If the catalytic converter is dirty I can see how cleaning it would work. Try a gallon of lacquer thinner in a 10 to 12 gallon tank. P0420 comes with just 5% below correct efficiency threshold. If it was broken, it definitely would not work. (Melted or broken up.) Also, remember, if your catalytic converter went bad, be sure to look for any leaking fuel injectors, check timing and spark, as these problems make catalytic converters go bad. (To test fuel injectors requires some advanced equipment.)My point about trying to clean a catalytic converter, is that it just has some carbon build up on it keeping combustion gasses from getting the catalyzing metals, then cleaning it off will work. If enough of these metals are eroded away off of the ceramic honey comb, no amount of cleaning will make it work. If the catalytic converter doesn't have to be cut out of the car, then it may be practical to unbolt it and leave it in a thick concentration of dawn detergent over night, rinse it off, reinstall it and it may work again. This is a more aggressive and more effective way, but if your car is really old, my guess is that it just needs replacing.

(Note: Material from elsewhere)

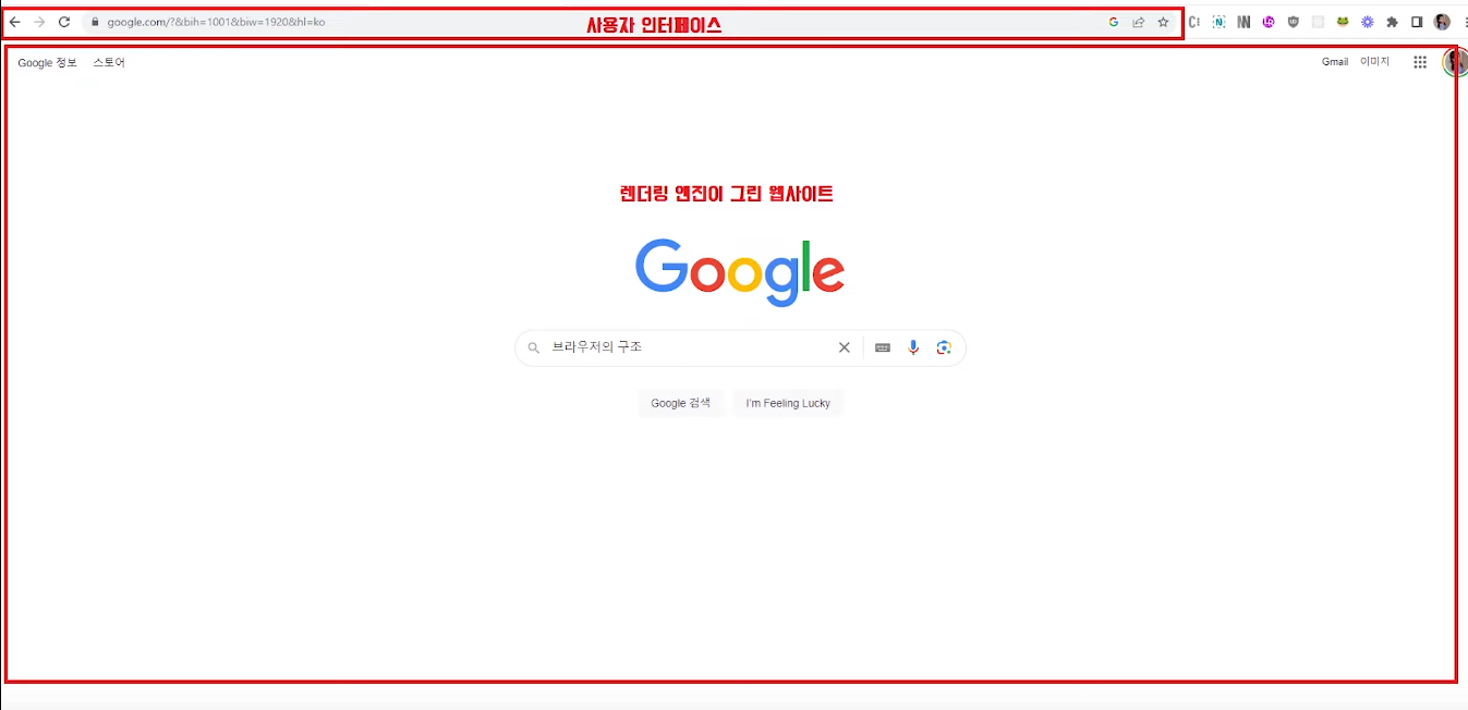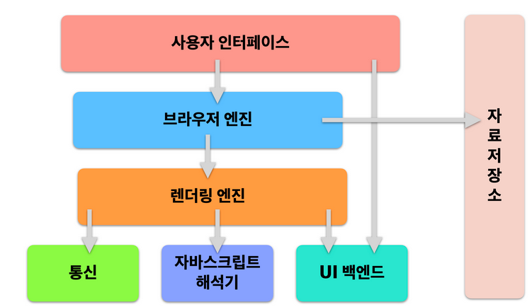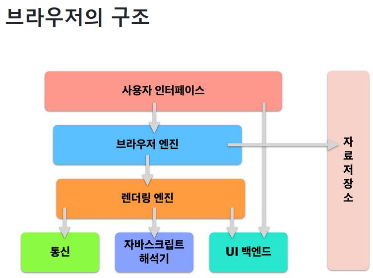 브라우저 엔진이란? 사용자 인터페이스와 렌더링 엔진의 교두보 역할. 예를들어 인터페이스로 뒤로가기 버튼 눌렀다면 이전의 페이지를 가져오라는 명령을 하는 것이 브라우저 엔진이고 그 명령을 실행하는 것이 렌더링 엔진!

Back to the analysis, has it really gone bad?
On a live data scan you can see the stoichiometric up and down from lean to rich on traditional O2 sensors. Seeing that on bank 1 sensor 1 or bank 2 sensor 1 - O2 sensors that are prior to the catalytic converter you're fine. If you see that same, or nearly the same wave form on sensor 2 for bank 1 or 2, then you should have a bad catalytic converter (saying this to cover V6/V8 cars with two engine banks, just apply the information to to a 4 cylinder or inline 4, (L4) engine without the bank 2 information. The sensor 2's on bank 1 or 2 are after the catalytic converter. Bank 1 catalytic converter below efficiency is a P0420, and a P0430 is a the same problem on bank 2.
I had an exhaust leak prior to my cat (a nickname for catalytic converters). When I replaced my cat I was lucky that I did indeed need it.The new cat almost stopped the wave form on the sensors behind the cat. You see, as outside air burps into your exhaust via the venturi effect (move gases down a pipe at high speeds will pull outside air in through a hole) it'll cool the exhaust gasses, and make your catalytic converter cooler for a moment, and burn less of the unburnt combustion gasses. A human can see the difference but the car figures exhaust leaks as a bad cat.The rear O2 sensors should be pretty steady. They can stay steady rich or lean and you've beat the P0420 and/or P0430.
They can go from lean to rich at times. My car's cat lives super lean, by my O2 sensors estimation. If I'm accelerating for a while onto the freeway or the exhaust isn't warmed up yet, then that sensor will go rich. Some rear O2 sensors will see rich all of the time. That's how usual catalytic converters/rear O2 sensor relationships are.